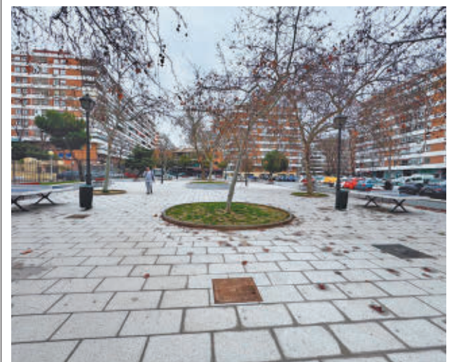
La plaza del barrio de Peñagrande, tras su remodelación
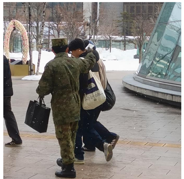
募集対象者へティッシュ配布
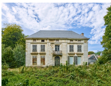
Demeure, dite château de Faveille ou Château Blanc (route Nationale).

IVR32_20258001202NUCA
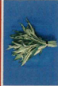
エンサイ(空心菜・ウチナーエーバー) の生茎葉
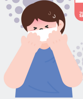
24-25년 충북 백일해 신고 현황
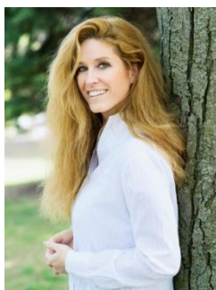
Jeff Mangione © Loewe Verlag GmbH

Jona ist siebzehn und seinen Altersgenossen ein ganzes Stück voraus, was Intelligenz und Auffassungsgabe betrifft. Allerdings ist er auch sehr talentiert darin, sich bei anderen unbeliebt zu machen und anzuecken. Auf die hervorgerufene Ablehnung reagiert Jonas auf ganz eigene Weise: Er lässt sein privates Forschungsobjekt auf seine Neider los: eine Drohne. Klein, leise, mit einer hervorragenden Kamera ausgestattet und imstande, jede Person aufzuspüren, über deren Handynummer Jona verfügt. Mit dem, was er auf diese Weise zu sehen bekommt, kann er sich zur Wehr setzen gegen Spott und Häme. Doch dann erfährt er etwas, das besser unentdeckt geblieben wäre, und plötzlich schwebt er in tödlicher Gefahr.
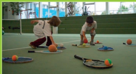
„Der erste Schultag“ – Schnell die Plätze tauschen, solange die Lehrerin schreibt!
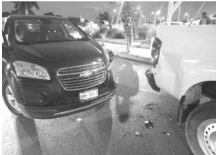
LA CAMIONETA Captiva pegó por detrás.
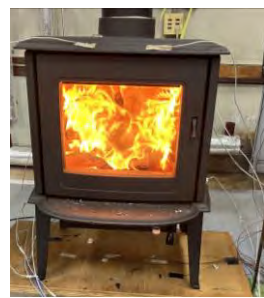
④燃料投入直後 (カラマツ)

使用機器 (1) 薪ストーブ1 (鋳物製のもの) ・メーカー：モルソー社 ・型式：7110CB ・サイズ：高さ740mm×幅575mm×564mm
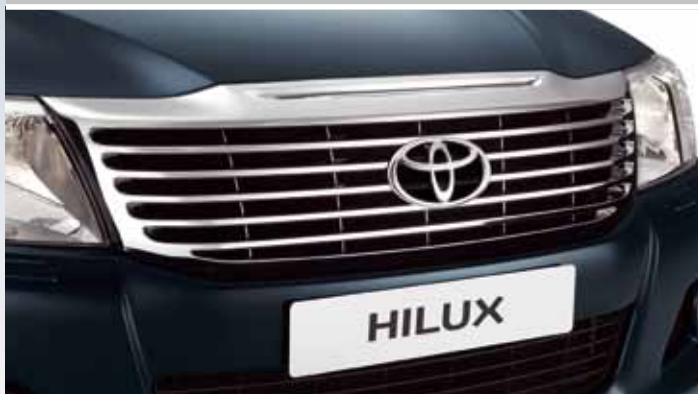
CHROMOWANY GRILL PRZEDNI
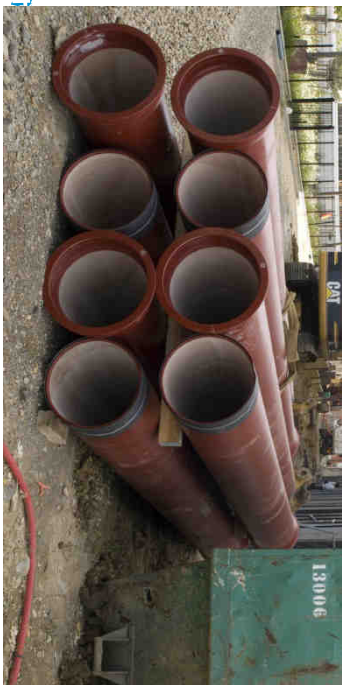
Alain Bernardini « Recadrée. Porte-Image. Dehors # 135, Chantier. Borderouge Nord. Toulouse 2013, Impression sur affiche dos bleu 200 x 100 cm » Commande publique du Centre national des arts plastiques- ministère de la Culture et de la Communication. Production BBB centre d'art
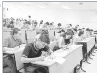
EN CLASE. Alumnos concentrados en un examen en las aulas de la Universidad de Jaén.

Pero sin duda, el cambio fundamental, tal y como explica la directora, se producirá en los créditos. Hasta ahora un crédito equivale a 10 horas de clase presencial y
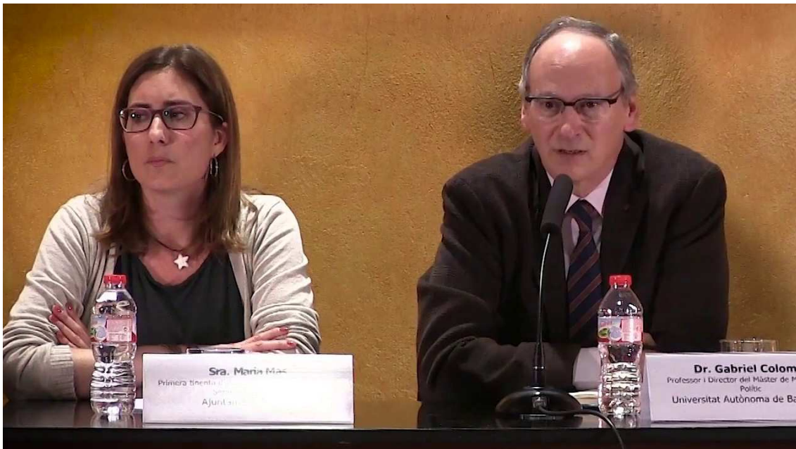
Conference in Rubí Nov 2016 – Public info, published info, perception and governance
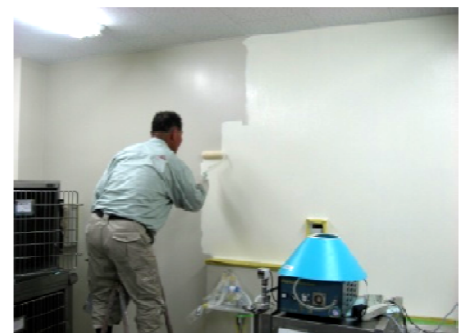
ローラーや刷毛で内壁にも簡単に塗布できる

*TASK TO COMPLETE*
Pictures excluded, copy the lines exactly from where the material starts to the line with "Jeff Mangione © Loewe Verlag GmbH", inclusive.

*PROBLEM SOLUTION*
La plaza del barrio de Peñagrande, tras su remodelación
募集対象者へティッシュ配布
Demeure, dite château de Faveille ou Château Blanc (route Nationale).

IVR32_20258001202NUCA
エンサイ(空心菜・ウチナーエーバー) の生茎葉
24-25년 충북 백일해 신고 현황
Jeff Mangione © Loewe Verlag GmbH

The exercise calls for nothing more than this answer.